Habe das G3 seit etwa 1,5 Jahren. Ansich nur zu empfehlen. Meine holde hat auch. Keine Probleme
Da war es nochnicht so günstig


----------



## DerD4nnY (24. Februar 2015)

https://www.youtube.com/watch?v=EfwG47I8qf4

wenn man sich das anschaut hat das Z3 aber eindeutig bessere Farben etc. und auch die bessere Kamera... 

ich weiss echt nicht mehr weiter ^^


----------



## easycheeseman (24. Februar 2015)

Z3 gab's nochnicht. Habe mit dem z2 geliebäugelt da die aber kaputt gehen in einer Tour (Bekanntenkreis) habe ich das g3 genommen.  Das 4k Video ist Um jeden Fall klasse


----------



## DerD4nnY (24. Februar 2015)

naja aber schau dir das Video an... beim G3 kommen die Farben blass rüber und beim Z3 sind sie knackig und schön.....

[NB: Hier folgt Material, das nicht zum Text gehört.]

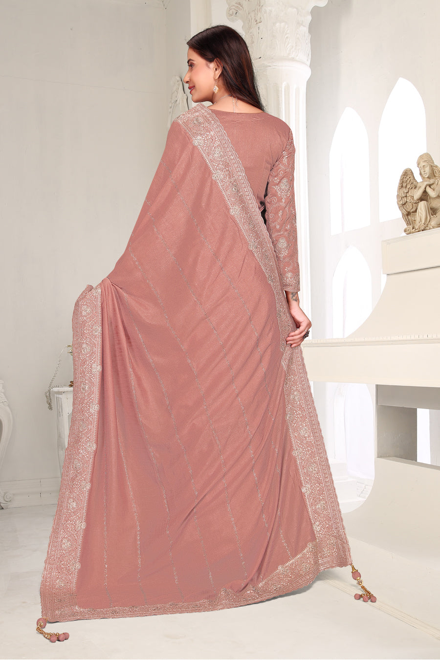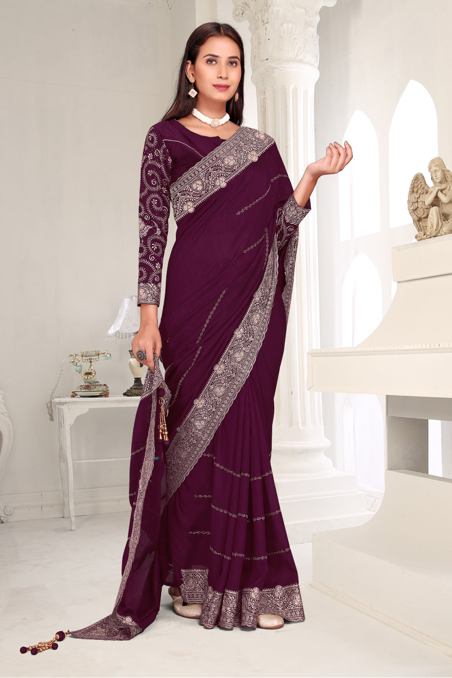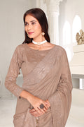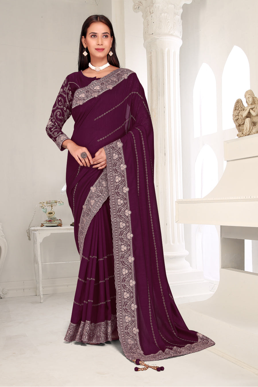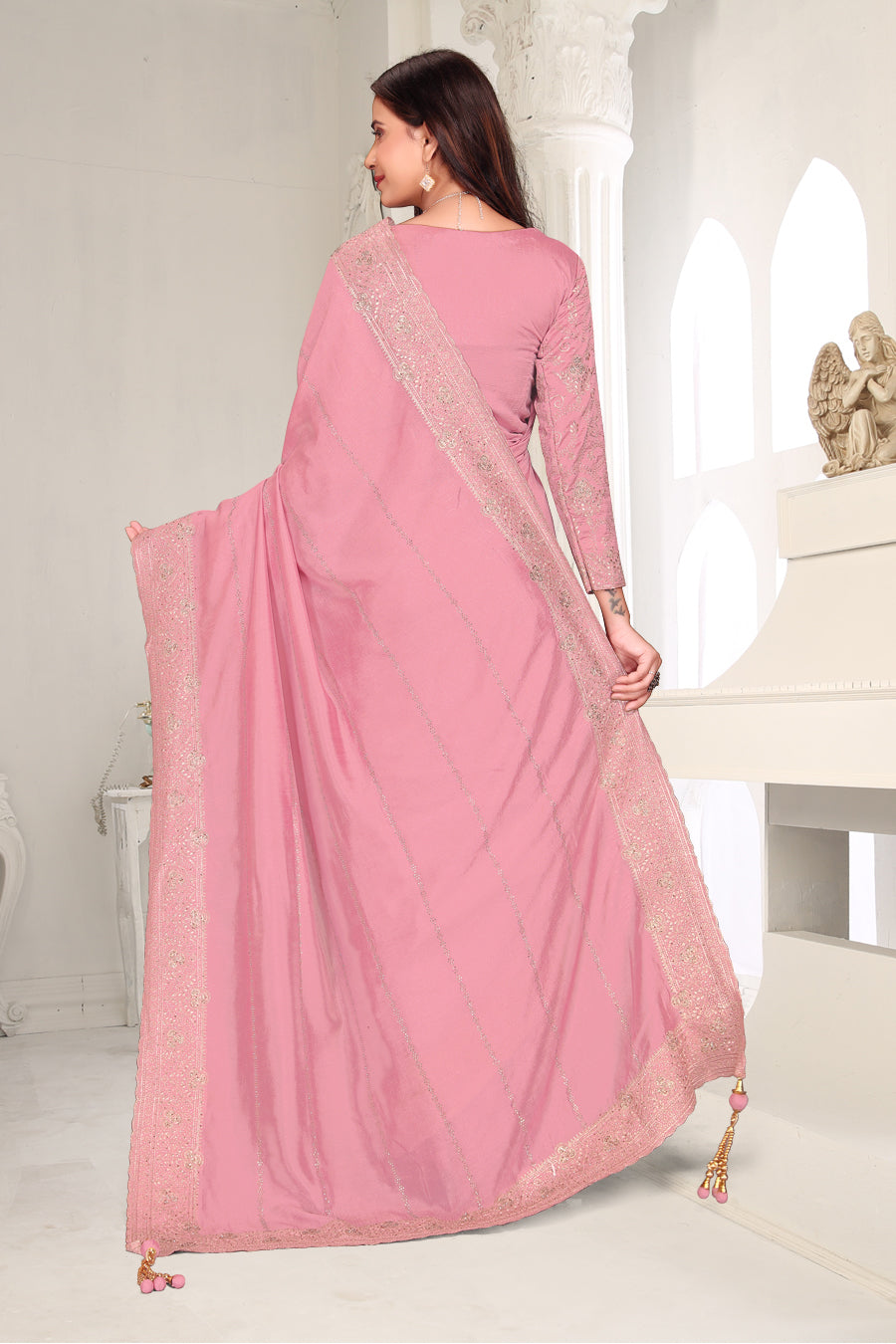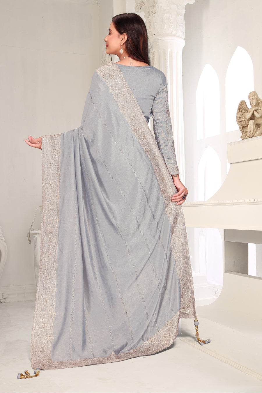 Drape yourself in timeless grace with this exquisite creation from the Fabeha Prêt Collection. Crafted from Premium Soft Vichitra, this saree is defined by its incredibly soft feel and flowy drape. Unlike stiff fabrics, it sits comfortably against the skin, offering a subtle, sophisticated sheen that looks rich without being overly shiny. The beauty lies in the refined detailing. The saree features intricate Gold Zari embroidery running along the borders. To add a touch of modern glamour, we have embellished the drape with lines of shimmering Micro Crystals scattered across the fabric. These delicate stones create a sophisticated, linear sparkle that catches the light with every movement. Finished with stylish latkans (tassels) on the pallu, this ensemble is pure, regal charm. The Perfect Fit: Couture-Style Adjustable BlouseExperience the confidence of a custom fit with our ready-to-wear Princess Cut blouse. Engineered to hug your curves with a convenient front opening, it marries comfort with absolute glamour.

woran sind die Handys denn kaputt gegangen ?


----------



## easycheeseman (24. Februar 2015)

Einstellungen sind eines aber das g3 hat ein 4k display


----------



## easycheeseman (24. Februar 2015)

Achso und der Laser Focus geht  recht flott. Also ich bin zufrieden


----------



## DerD4nnY (24. Februar 2015)

ich hör mich noch mal ein bisschen um... es ist auf jedenfall in der größeren Auswahl


----------



## easycheeseman (24. Februar 2015)

Dieser Inhalt steht nur eingeloggten Mitgliedern zur Verfügung.


----------



## easycheeseman (24. Februar 2015)

Ganz okay finde ich. Aber nach 18 Stunden bücken geh ich nur pennen


----------



## easycheeseman (24. Februar 2015)

Also farblich gesehen die Qualität ist natürlich nix.  Müsste      ich beim Hoster hochladen


----------



## DerD4nnY (24. Februar 2015)

aber der Akku scheint ja auch nicht der beste zu sein gerade weil 4k soll der schnell leer gehen... ich warte mal bis Freitag (oder Mittwoch) ab... vllt ändere ich meine Meinung ja noch zum G3, obwohl dass bei schwachem Licht keine gute Bilder macht :/


----------



## easycheeseman (24. Februar 2015)

Also ich bin in der Arbeit 9 Stunden im WLAN ein ganzen Tag Facebook tapatalk  etc.  Wenn ich heimkomme habe ich noch 30 Prozent min. Bin aber ständig am schreiben. Kollegen mit z2 haben ne docking Station


----------



## easycheeseman (24. Februar 2015)

Ich bin viel outdoor unterwegs beim angeln und so.  Wollt das Sony wegen wasserdicht etc. Bisher bereue ich es nicht das g3 ist sehr robust. Gehe damit um wie sau. Wasserdicht ist es nicht aber Regen macht nix also bei mir


----------



## DerD4nnY (24. Februar 2015)

joa g3 hat schon was an sich... z3 punktet halt in Kamera und hat 2 Lautsprecher... ich kann mich selten entscheiden... kann das G3 hier ja leider nirgends testen


----------



## Craftlos (24. Februar 2015)

Das G3 ist eine Totale Fehlkonstruktion. Der Prozessor samt Grafikchip ist mit dem Display total überfordert, jede Aktion wirkt total angestrengt und beim Wechsel zwischen Apps braucht es öfter mal eine Gedenksekunde. Dazu ist der UHD Schirm der dort verbaut ist, schlechter als die meisten 1080 P Displays in den anderen Geräten. Kontraste und Farben sind schlecht, und das Display hat einen total unnatürlichen Schärfe Filter übergelegt, sodas es insgesammt "unschärfer" wirkt als jedes normale 1080 P Display. Mann sieht das gut an Grauer schrift, die ist total unscharf und erzeugt Artefakte, das man denkt man hat ein 400x700 Pixel Display vor sich ...
Der Akku ist aufgrund des Stromfressenden UHD Displays übrigens auch der Grund für die Katastrophale Akkulaufzeit, und der Lautsprecher auf der Rückseite Kreischt mehr vor sich hin als das man das als Musik bezeichnen könnte...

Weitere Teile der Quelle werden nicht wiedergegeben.